LONDON: A British doctor who warned the UK government that health workers desperately needed more protective equipment has died from COVID-19.

Abdul Mabud Chowdhury, a consultant urologist at Homerton Hospital in east London, spent 15 days in hospital before passing away, Sky News reported.

The Muslim Doctors Association paid tribute to Chowdhury, 53, who was married with two children.

“We are deeply saddened by the death of Dr Abdul Mabud Chowdhury, Consultant Urologist at Homerton Hospital, after fighting for his life from Covid-19,” the association said on its Facebook page.

“He leaves behind his wife and two children. Our thoughts and prayers are with them.”

In his message to Prime Minister Boris Johnson on March 18, Chowdhury pleaded for more equipment to protect health workers.

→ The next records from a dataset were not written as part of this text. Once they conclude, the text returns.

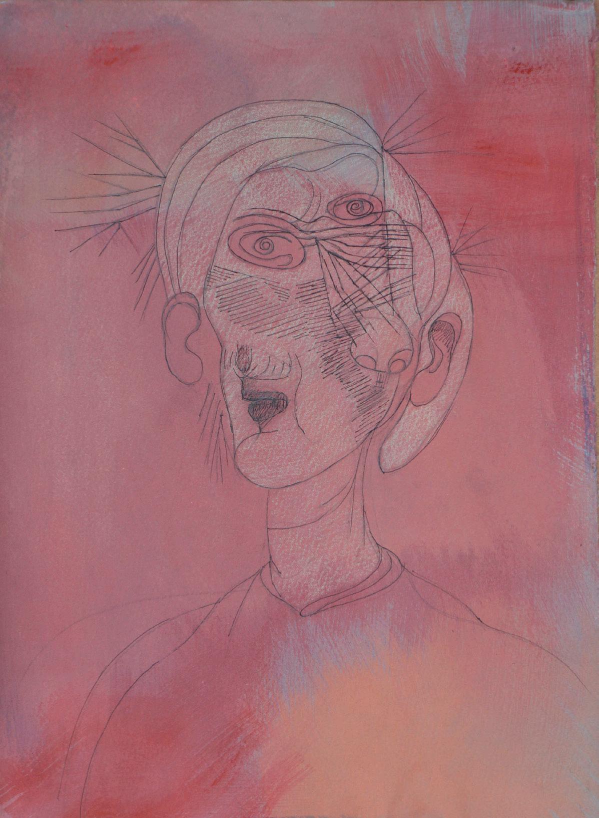 Pencil, oil and chalk on paper
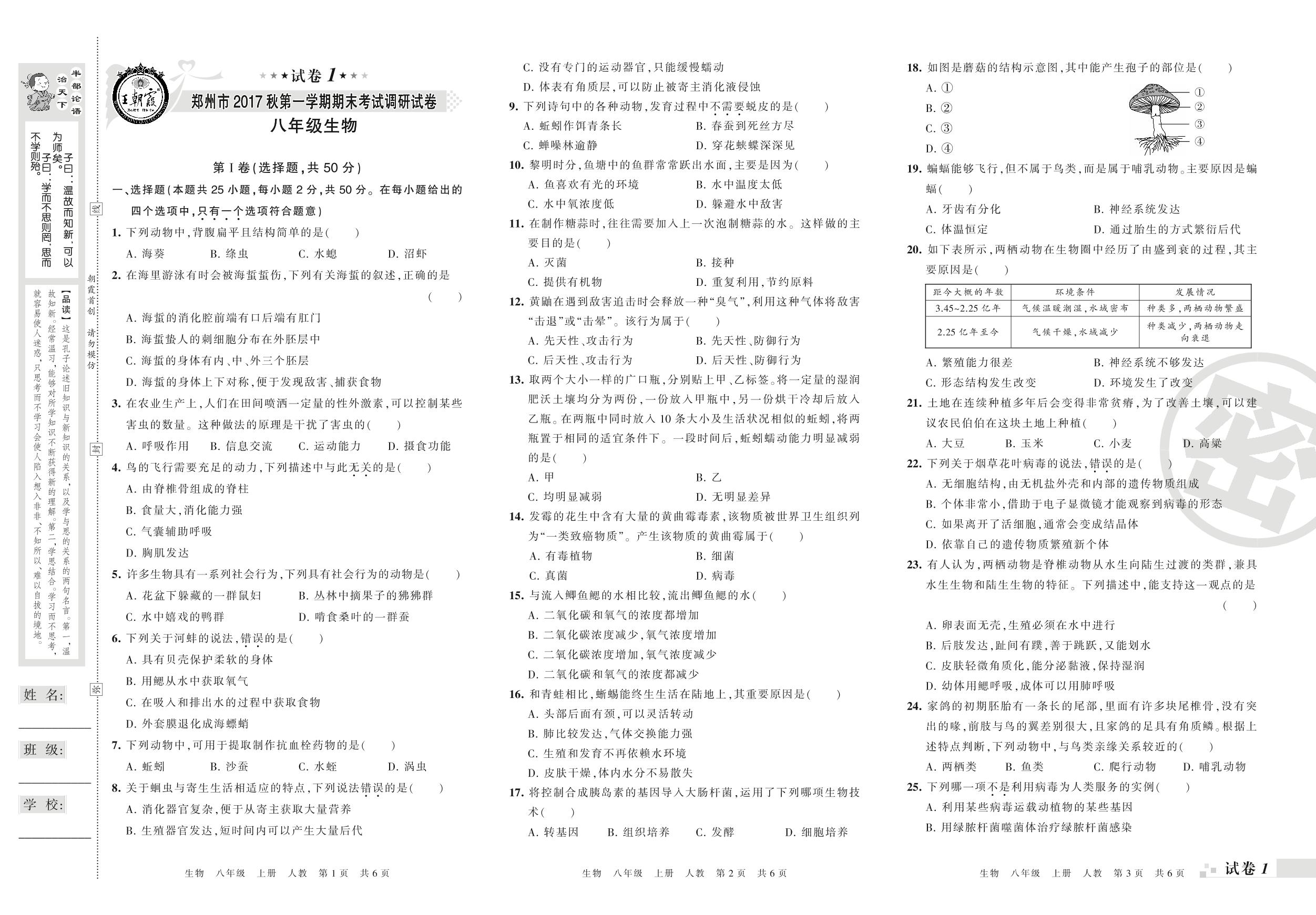 2017-2018学年第一学期郑州市八年级生物试卷(人教版)【1】
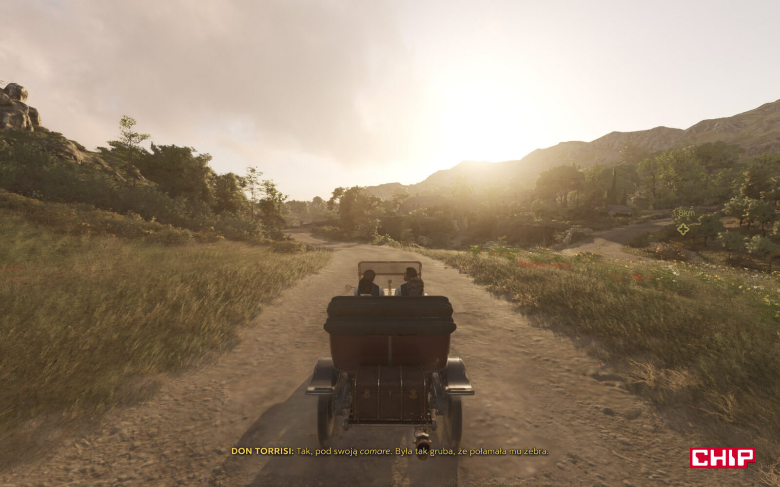 Twórcy mocno skupili się na tym, aby jak najczęściej i najmocniej była widoczna gra świateł. Wiele scen rozgrywa się przy wschodzącym lub zachodzącym Słońcu. Epickie promienie wpadające przez żaluzje lub uchylone drzwi z lekką mgłą są w nowej Mafii standardem i patrzy się na to naprawdę przyjemnie. Mówiąc w skrócie – jeśli chcecie się cieszyć ładnymi widokami to nie patrzcie pod nogi, tylko rozglądajcie się dookoła. Tym bardziej że drzewa w oddali, architektura czy górzyste tereny Sycylii potrafią cieszyć oko.
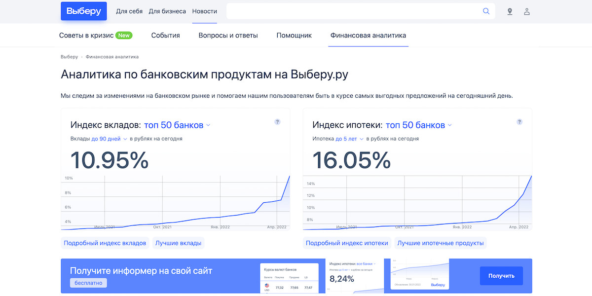 Финансовый маркетплейс «Выберу.ру» объединил все аналитические инструменты в раздел «Финансовая аналитика». С 2015 года сервис агрегирует предложения банков, страховых и микрофинансовых организаций и на их основе выстраивает собственную аналитику. Сегодня она учитывает более 10 000 финансовых продуктов.
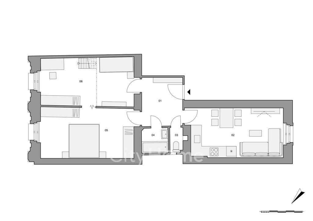 Současná dispozice zahrnuje prostornou vstupní chodbu, dva neprůchozí pokoje s orientací do ulice Horní a samostatnou kuchyni s okny do tichého vnitrobloku, koupelnu a oddělenou toaletu. Díky neprůchozím místnostem je byt vhodný jak pro rodinné bydlení, tak i například na spolubydlení nebo jako investiční příležitost.
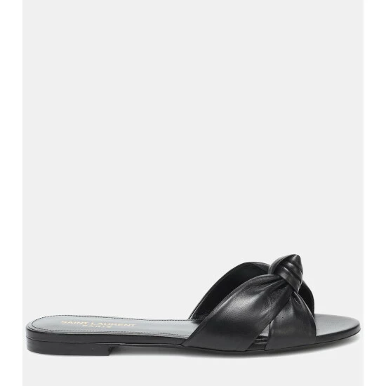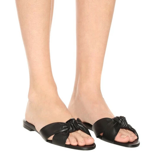 The family of Bianca styles from Saint Laurent now extends to these luxe black slides. Soft lambskin leather straps are knotted, riffing on this season’s most coveted design detail. Style for casual Fridays with a band tee and Bermuda shorts.
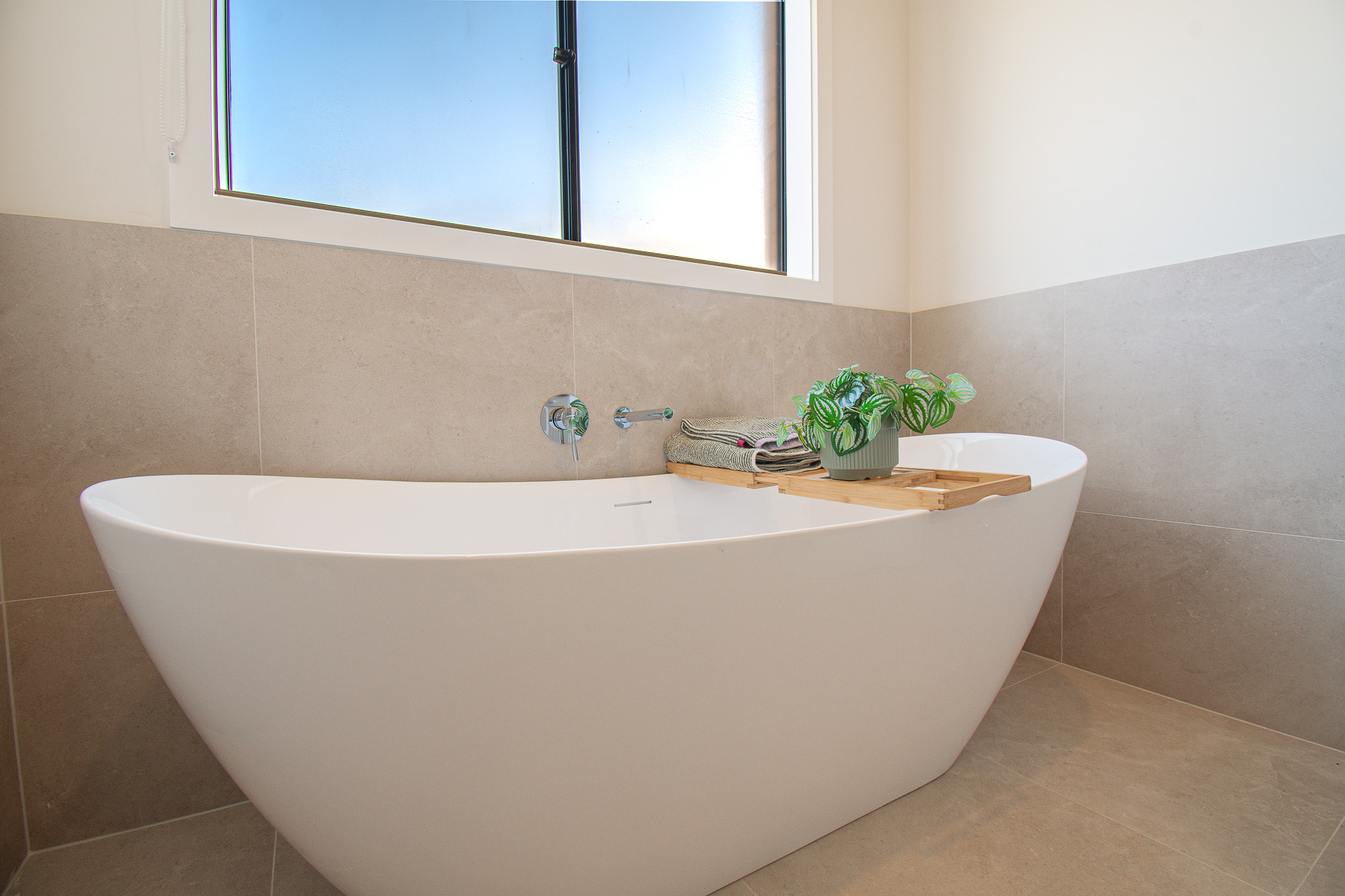 The main bedroom provides a peaceful retreat, complemented by a well-appointed ensuite, while a freestanding Oceania bathtub, chrome tapware and upgraded tiling elevate the bathrooms with a touch of luxury.
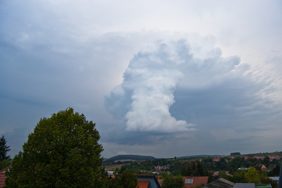 Die zweite Kuriosität war, dass der Kern des Gewitters tatsächlich meinen Standort erreichte und sich in Form einiger sehr heller Wolkenblitze entlud. Einige Erhellungen mussten dem Donner nach zu urteilen auch Einschläge in die Hainleite gewesen sein. Da durch den Starkregen die Umgebung nun völlig verdunkelt war, stieg der Gruselfaktor erneut und ich erwartete jeden Moment, dass ein Gremlin an eine der Fensterscheiben klatscht. Gott sei Dank war das nicht der Fall.
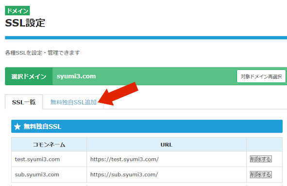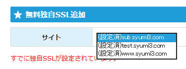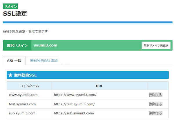 SSL設定の画面に変わり、「★無料独自SSL」の下の一覧には現在SSLが設定されているURLの一覧が表示されます。
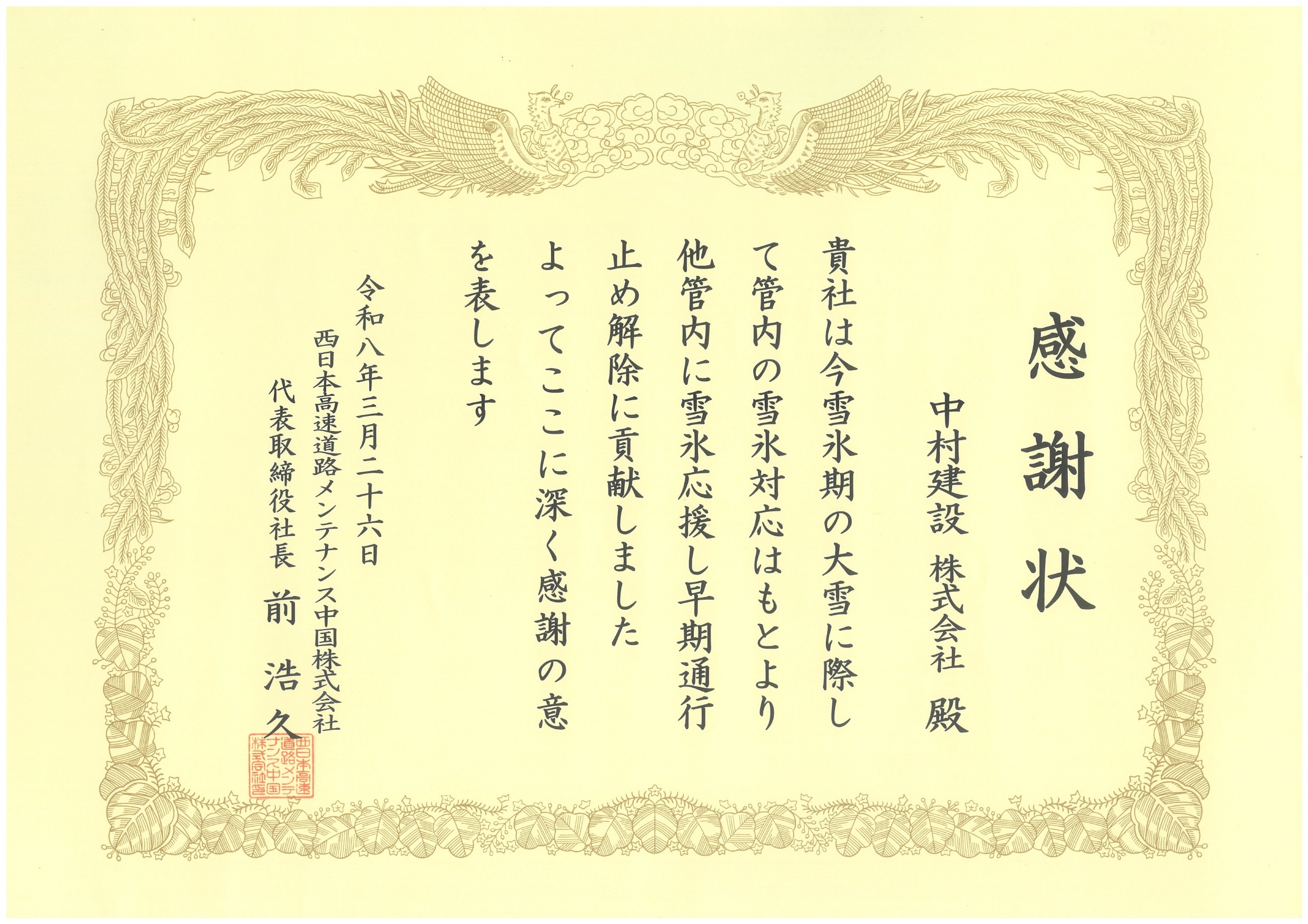 西日本高速道路メンテナンス中国 株式会社 様より他管内への雪氷応援対応について、感謝状をいただきました。

“Remember we may be doctors/nurses/HCAs/allied health workers who are in direct contact with patients, but we are also human beings to practice human rights like others, to live in this world disease free with our family and children,” he wrote.

“People appreciate us and salute us for our rewarding job which are very inspirational but I would like to say, we have to protect ourselves and our families/kids in this global disaster/crisis by using appropriate PPE and remedies.

“I hope we are by default entitled to get this minimal support for our safe medical practice.

“Otherwise in future our children will lose interest to go to medical school.”

Chowdhury is the latest NHS worker to die after being infected with coronavirus. Many of the medics who have passed away were Muslim, or from Arab or South Asian backgrounds.

They include Adil El-Tayar, a renowned organ transplant specialist, who became the first NHS surgeon to die and Amged El-Hawrani, an ear, nose and throat specialist. Both men were born in Sudan.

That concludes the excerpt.